What this task involves:
A faithful copy of the data is the goal; set it down exactly, without the images.

[[ Given information open ]]

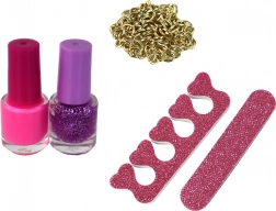 Két élénk színű körömlakk, ujj-szétválasztó és körömreszelő alkotják a mini szalont a kis parádésok számára. Egyszerű és szórakoztató körömdíszítés bármikor.
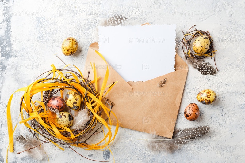Цветные желтые и коричневые пасхальные перепелиные яйца с перьями в небольших гнездах и поздравительной открыткой в конверте. Малая глубина резкости. Вид сверху. Место для текста
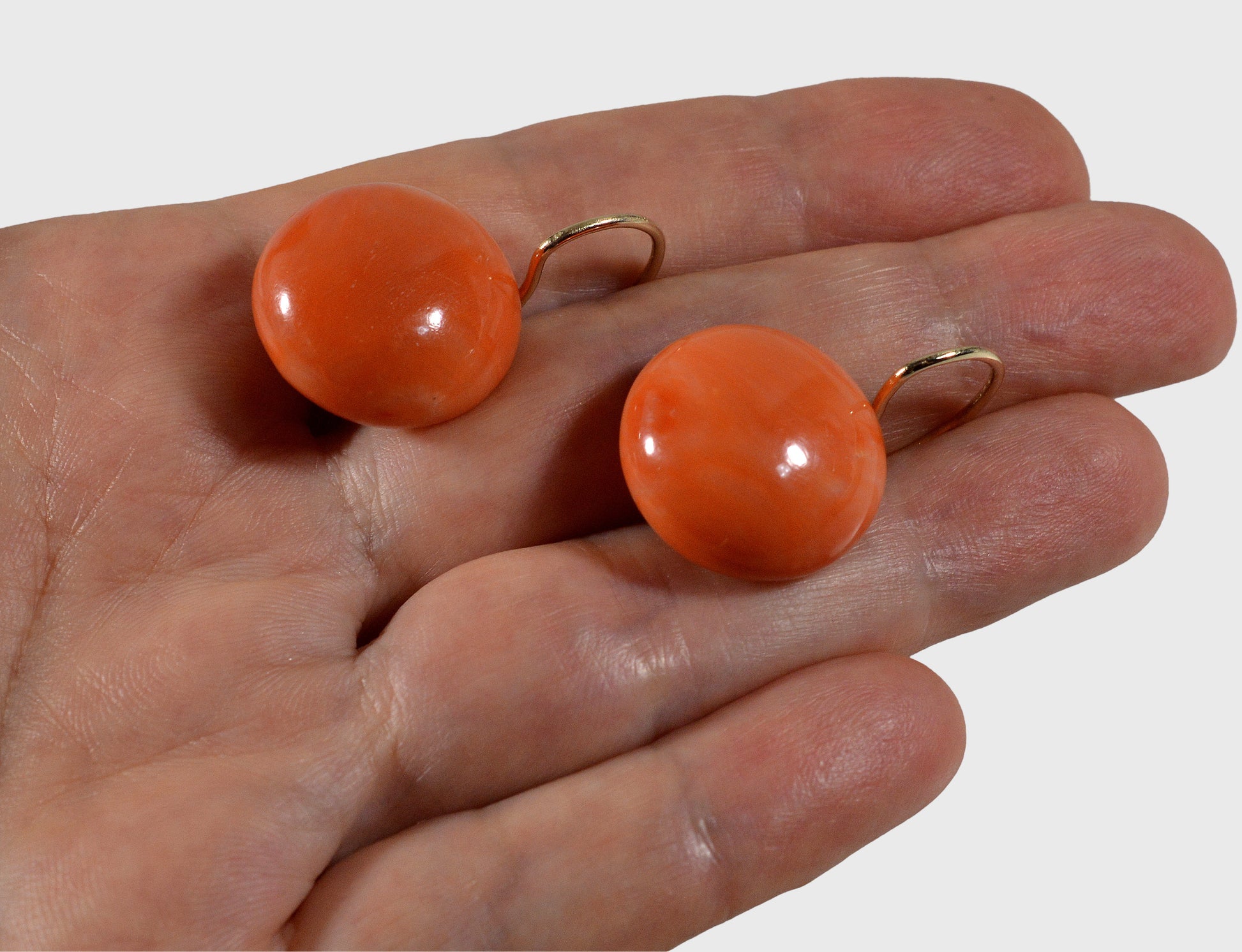 Reserved for K. Estate 14K Gold Large Salmon Coral Earrings

[[ Given information closed ]]

Response box:
 Két élénk színű körömlakk, ujj-szétválasztó és körömreszelő alkotják a mini szalont a kis parádésok számára. Egyszerű és szórakoztató körömdíszítés bármikor.
Цветные желтые и коричневые пасхальные перепелиные яйца с перьями в небольших гнездах и поздравительной открыткой в конверте. Малая глубина резкости. Вид сверху. Место для текста
 Reserved for K. Estate 14K Gold Large Salmon Coral Earrings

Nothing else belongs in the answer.